How does one review something like the Disting MK 4 from Expert Sleepers? It is almost akin to describing a cloud in the wind or a time-lapse video of a high rise being built. The Disting isn’t a “thing”, despite its name convincing you otherwise, and is in a constant state of evolution. However, this difficulty in describing it is due to what may be the most fascinating thing about this module: it is a union of outstanding physical design and robust firmware that might be the real-world analog to Skynet.
What began as a 16-in-1 multi-functional module is now on its fourth version with a whopping 97 distinct algorithms that range from utilities to effects to sound sources and beyond. One of the biggest improvements made by Expert Sleepers with the MK 4 over previous incarnations is the LED screen. What was already a reasonably navigable module is now supremely accessible. Like many public swimming pools, this menu has a no diving policy, something very much appreciated by me.
What initially drew me to the Disting was its delay capabilities. Currently the Disting has four different delay algorithms: Tape Delay, Voltage Controlled Delay Line, Ping Pong Delay [Z feedback], and Clockable Ping Pong Delay [Z input scan]. I highly recommend all of them, though the Ping Pong [Z feedback] is the one I gravitate towards the most. This algorithm is a simple yet highly effective stereo delay; one audio input, two audio outputs, with clock input and feedback input. Of course the clock and feedback are manually adjustable via the two encoders. The CV control of the time and feedback track very smoothly and you can get some very engaging results when the right audio and CV signals are used. The Ping Pong delay shines brightest in its stereo capabilities, and I love putting soft percussive patterns through it to create a sense of space within a patch. Before you go spending four-hundo on a dedicated delay, ask yourself what you want out of the effect. You may find the Disting MK 4 has everything you need.
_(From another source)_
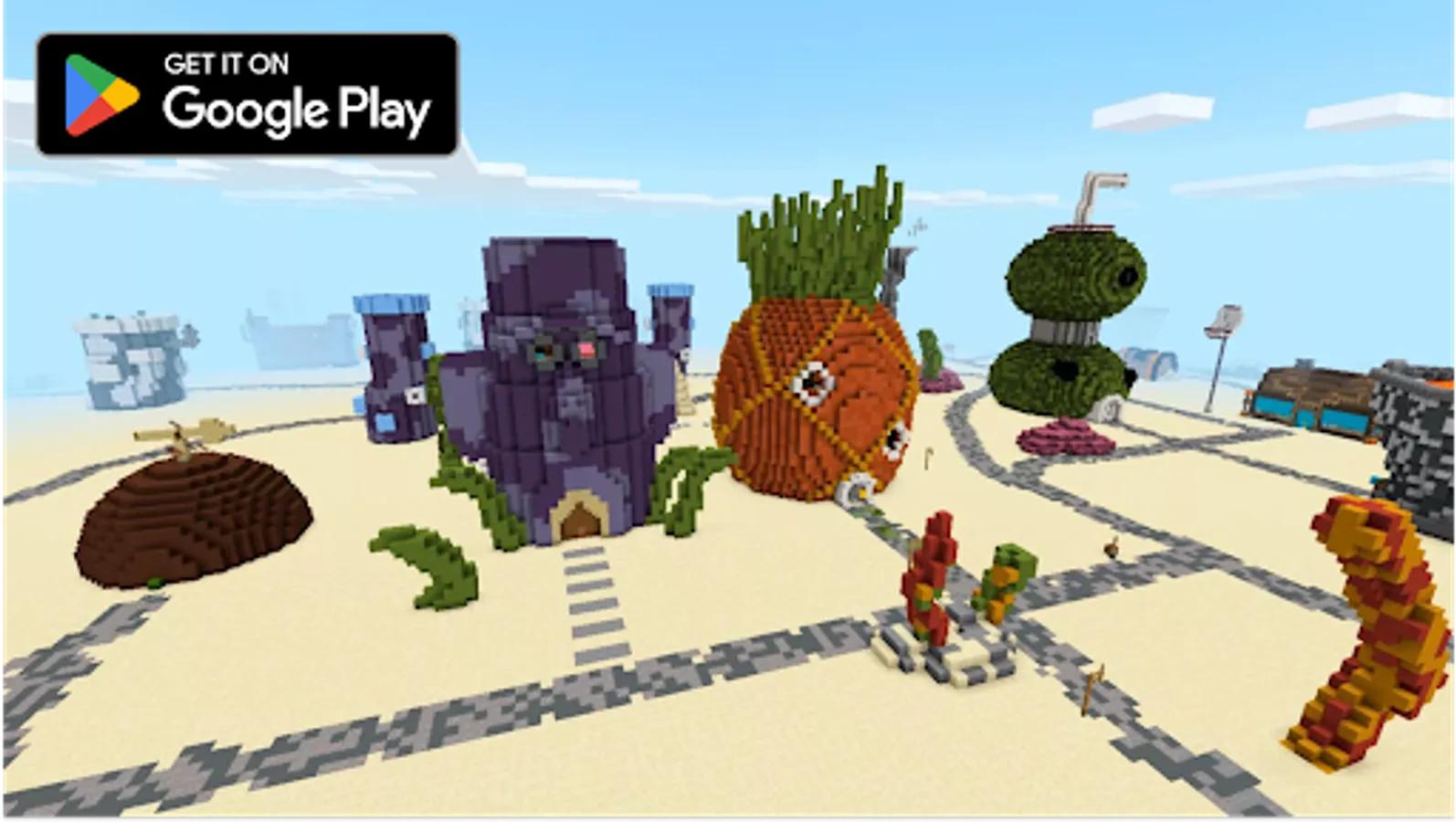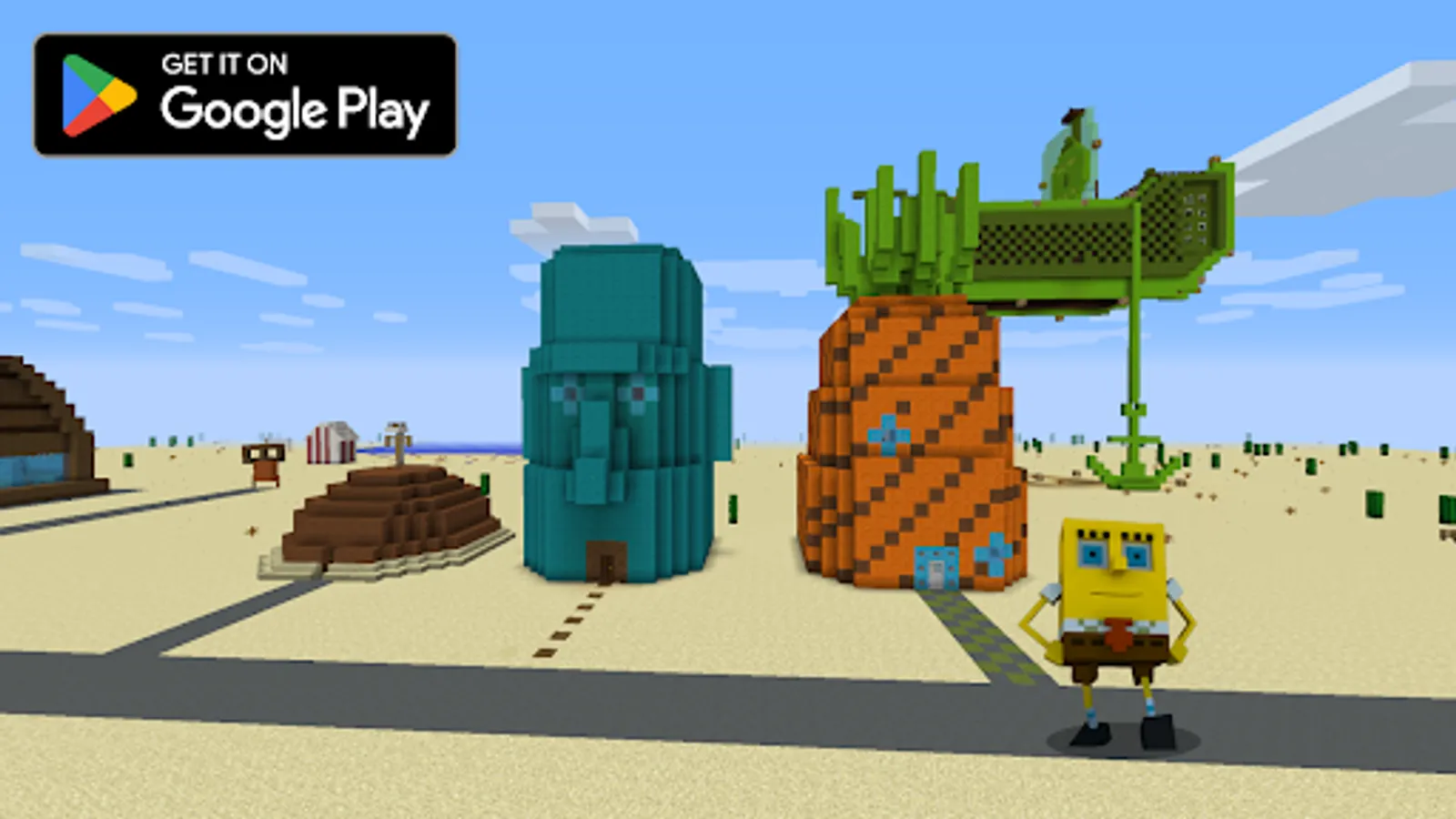 ✅ Play alone or with your friends on the Bikini Bottom map in Minecraft, visit popular places like pineapple house, Krasty Krab fast food restaurant;

When I got my first functioning modular setup way back when, one of the first things I tried was the classic bassline that ducked with every kick drum hit. Of course, this is achievable with the use of envelopes and VCAs, but why use up those patch points when you can have the Disting do it with only 3 patch cables? Typically the audio signal itself is what drives gain reduction when concerning compression, but within this algorithm, gain reduction is controlled by an external signal–audio or CV–making for a super easy patch.
I’m not sure VCO is the first thing that comes to mind when modular enthusiasts hear the word Disting, but I am going to work on changing that. I initially thought the VCO algorithms would be most useful to cover my more basic oscillator needs, but I was pleasantly surprised to find that within the different combinations of waveforms and the way you could shape them with CV, that the waveshaping VCO is a contender in the fight for the main voice in a patch. Between the 2 outputs, this algorithm offers parameters that allow for 3 different combinations of waveforms: triangle/square and triangle/square, triangle/square and sub-octave square, and square/pulse and sub-octave square. Additionally, each output’s waveshape/PWM can be attenuated manually or by CV control. I recommend starting with a simple sequence fed into the 1V/octave and a slow LFO into the waveshape/PWM input and slowly increasing the LFO speed to audio rate to get a feel for this algorithm’s character.
In terms of available samplers, there seems to be a lot of variation in functionality, and Disting’s sampler algorithms may be its crown jewel. One feature that very few samplers have is the ability to play two samples at one time, something the Disting’s dual audio playback algorithm supplies, with each sample having its own input and output. This is excellent for triggering drum samples, and in fact this algorithm was designed with that intention in mind, though it certainly isn’t limited to that. Having the ability to use multiple sets of samples–and two at a time–is extraordinarily useful to have in your setup, whether it be for percussive elements, call and response vocal samples, or even extended, lush pads to bleep and blop over.
I have found this to be a super helpful and versatile module. Unlike many multi-function gadgets in the music gear world, the Disting MK 4 does a lot, and does it all well. You could literally build a complete system out of only Distings. It’s affordable, easy to update, has an amazing manual, a mountain of demo videos, and is only 4HP. I say this with no hyperbole: I want at least 4 Distings in my setup.